A flamboyance of flamingos or a bowl of roseate spoonbills?
Tourists in search of the wild flamingo will often mistake a "bowl" of roseate spoonbills for the "flamboyance" of flamingos they seek. Although both birds are social animals who live in large groups, they aren't even close relatives. Also, neither one of them is the bright pink of those classic kitsch plastic flamingos that you most definitely will see all over Florida. Both the spoonbill and the flamingo come in a warmer shade of pink, an almost coral hue. While the spoonbill does indeed have a bill shaped like a long spoon, the flamingo is slightly more svelte and has a distinctive down-turned black bill.
Where to be sure of finding flamingos
Zoos. There are flamingos in zoos. As you enter Zoo Miami, for example, you will encounter the zoo's 40 flamingo residents, usually found in their at-ease position (standing on one stick-like leg, head tucked in). This zoo takes care to provide as natural a habitat as possible for its birds, even to the extent of providing bird couples with a special clay for their nest mounds. Usually a single egg is laid, and the couple can stay mated for life.
At the Palm Beach Zoo, small groups have the opportunity to actually become "part of the flock" in a behind-the-scenes experience with the zoo's Chilean flamingos. Visitors cannot touch the birds, but are allowed to feed them from cups, take walks with them and get up-close-and-personal enough for some great photo opportunities. This special interactive experience must be booked ahead of time; there is an additional fee outside of regular zoo admission; each child must be accompanied by an adult, and everyone must wear closed shoes, not sandals. Those wiggly toes can look mighty tasty to a hungry flamingo!
If you want the whole Florida flora and fauna experience in one place, head to Flamingo Gardens in the Ft. Lauderdale area. Here you will find beautiful botanical gardens as well as the largest collection of Florida wildlife in the state from big cats to butterflies – including, of course, flamingos. Take advantage of their wildlife encounter shows and tram tours, too.

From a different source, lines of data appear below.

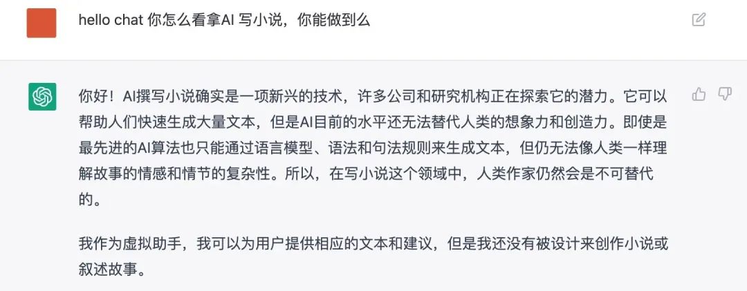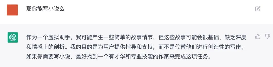 有趣的是,ChatGPT對自己能不能寫小說也有著自己的回答。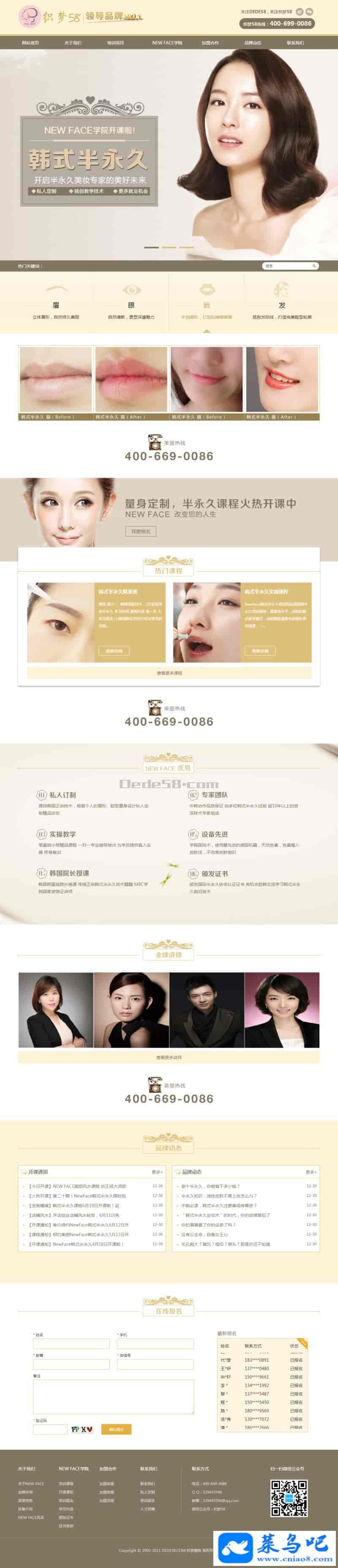 织梦dedecms美容美发化妆培训学校网站模板,PHP美容化妆培训机构网站源码模板介绍: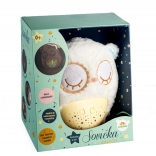 Le petit hibou projette un ciel nocturne en 8 teintes colorées qui créent une atmosphère propice à l’endormissement et apaisent les sens de bébé.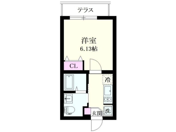 | 間取 | 1K (K:2帖・洋:6.1帖) |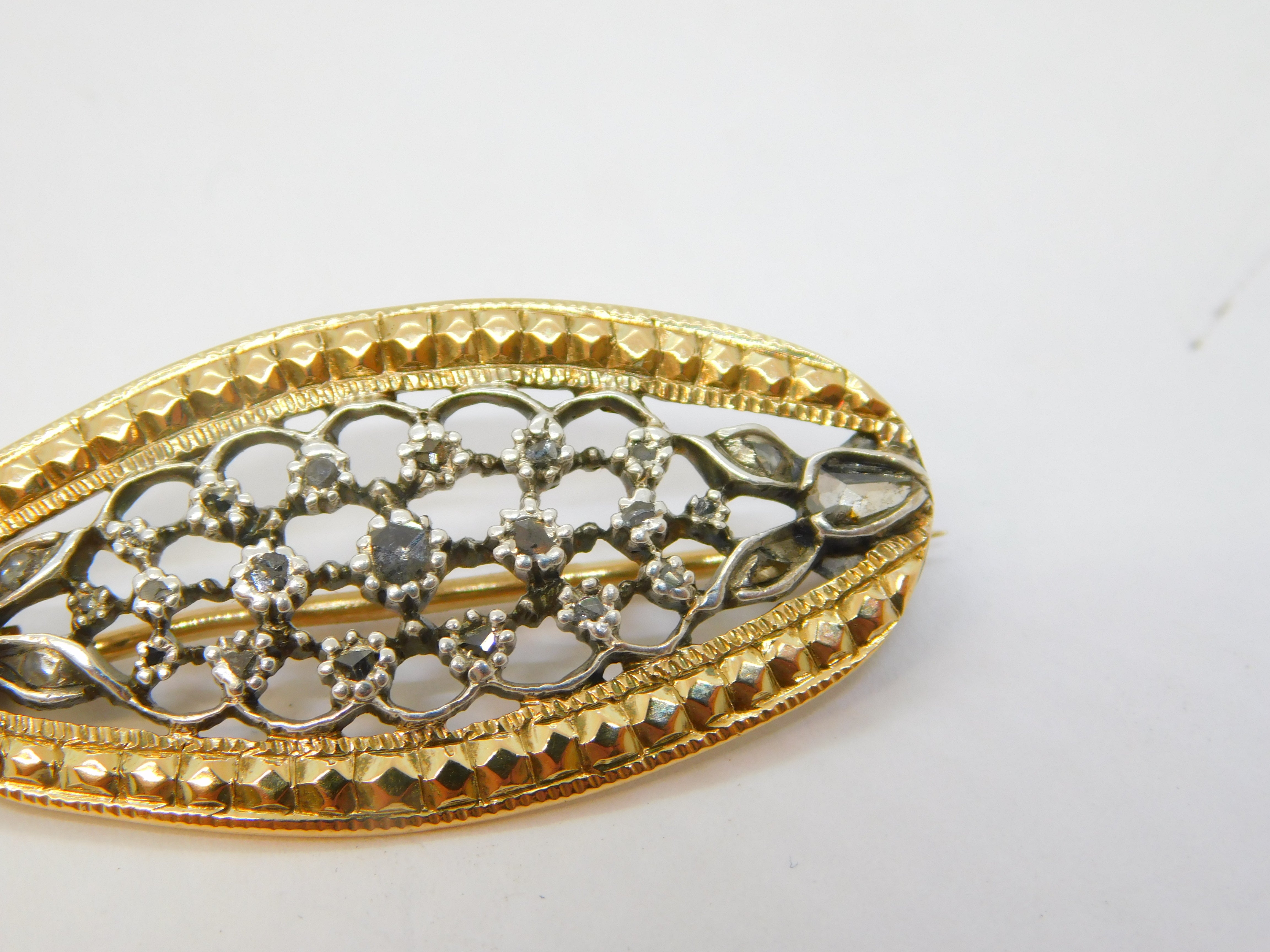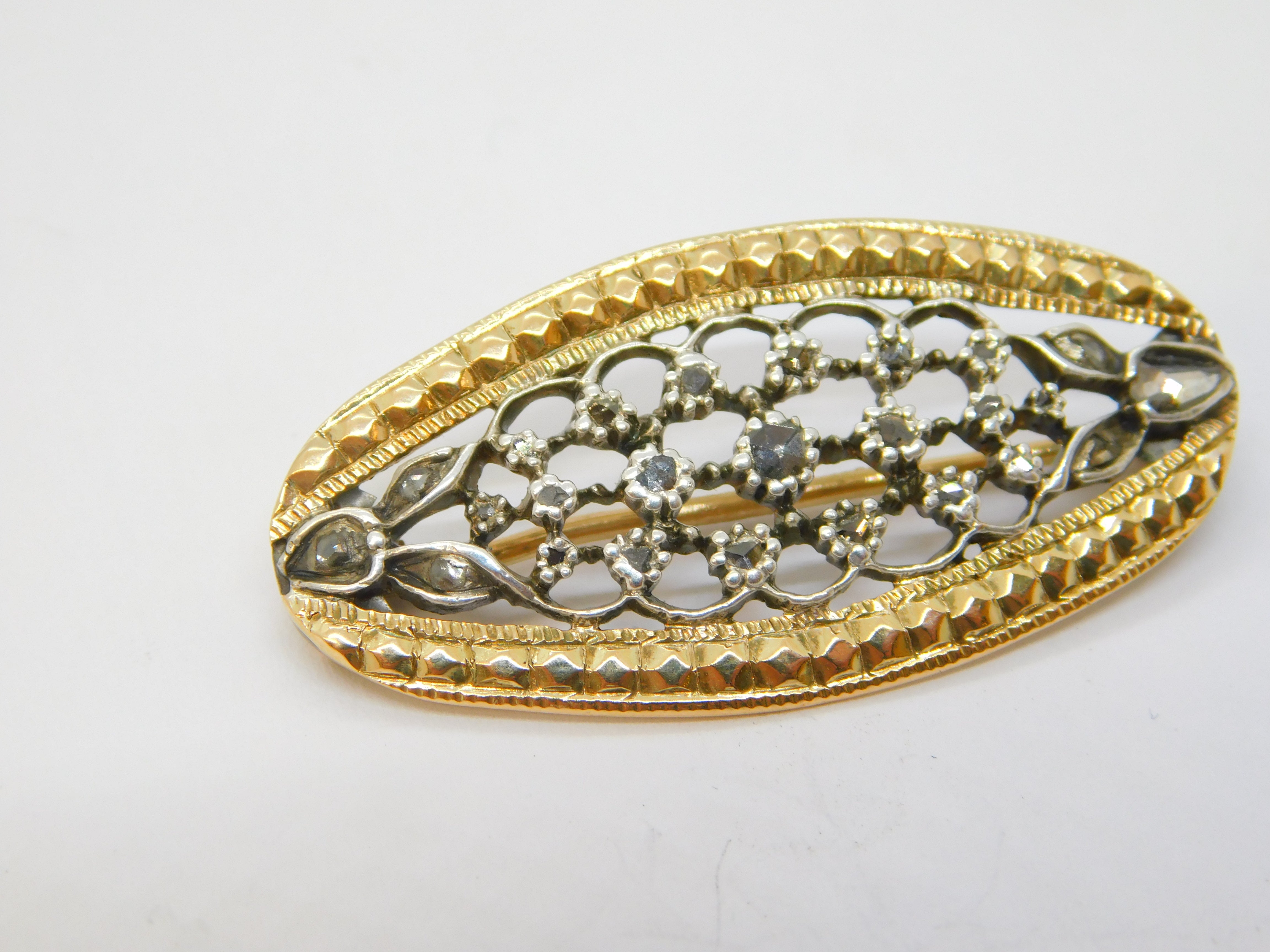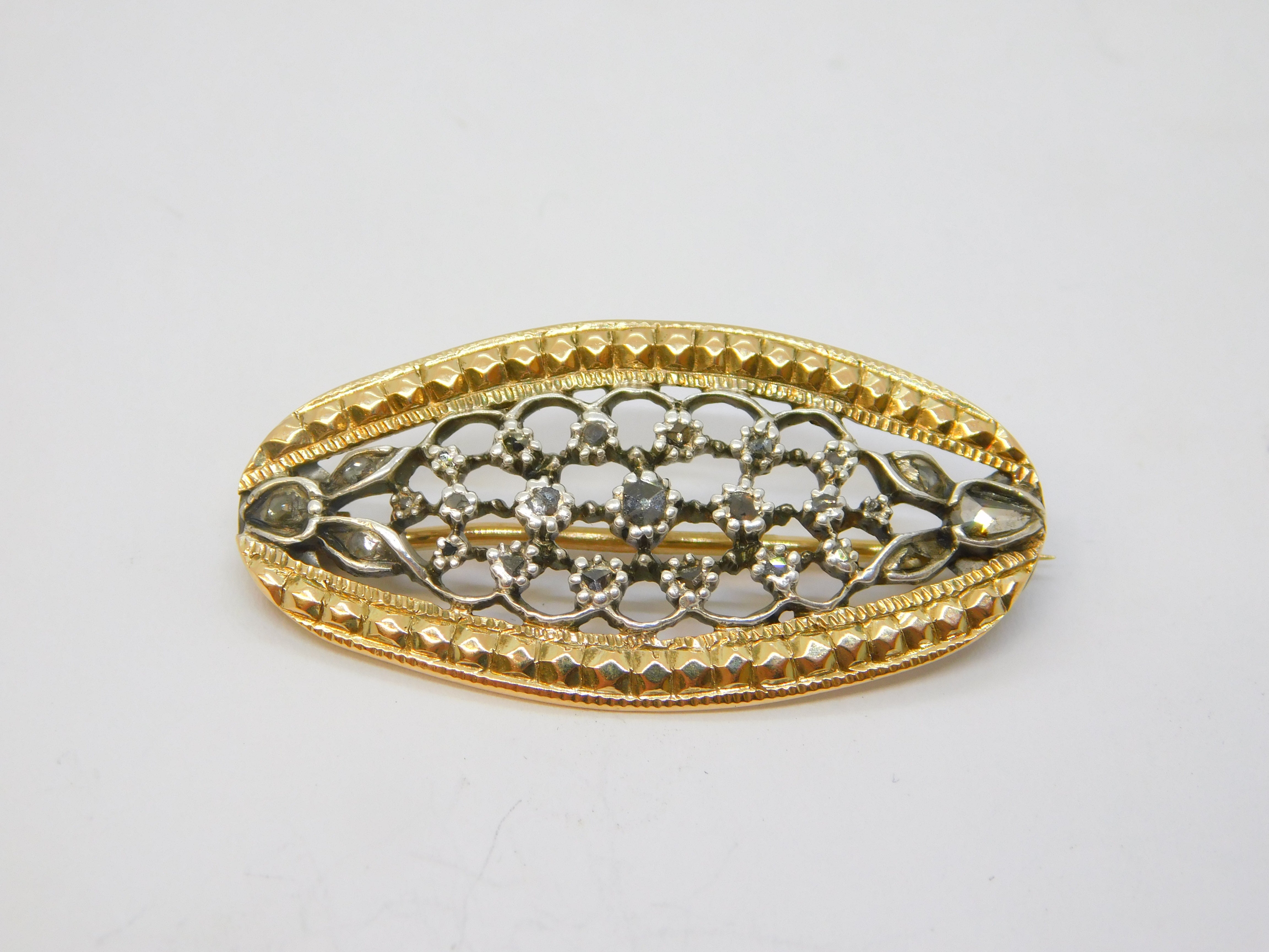 George III 9ct Gold, Sterling Silver, Old-Cut Diamond Brooch Antique c1800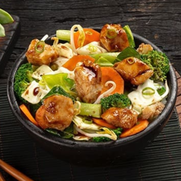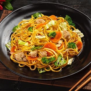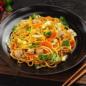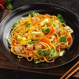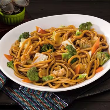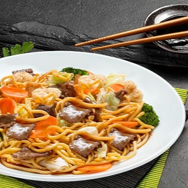 Macarrão, carne bovina, frango, legumes e molho à base de shoyu.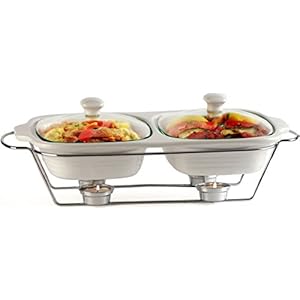 Circleware Ceramic Double Chafer Buffet Food Server Warmer Tray with Handles Glass Lid & Chrome Metal Serving Stand, 1…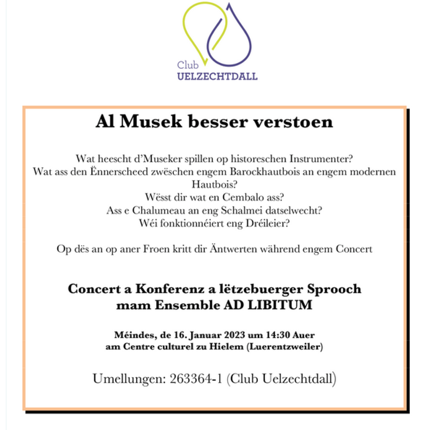 Nomëttes, den 16. Januar 2023, hat den Club Uelzechtdall (a.s.b.l.) den Rosch Mirkes an Musekerfrënn vum Ensembel Ad Libitum zu enger Aféierung an d'Welt vun der Aler an Barock Musek agelueden, ënnert dem Motto

Wild flamingos making a comeback
As mentioned earlier, there's a chance that the wild flamingo might move back to Florida after decades of what appeared to be permanent relocation to other places. A small flock of American flamingos has been coming to the same area in Palm Beach County for several years during the spring season. The Audubon Society of the Everglades has partnered with the South Florida Water Management District to offer tours to the public. Nothing is guaranteed; no one knows if this phenomenon of "flamboyance" will diminish or grow or simply go away. But in the meantime, what an adventure it is to take part in a flamingo quest!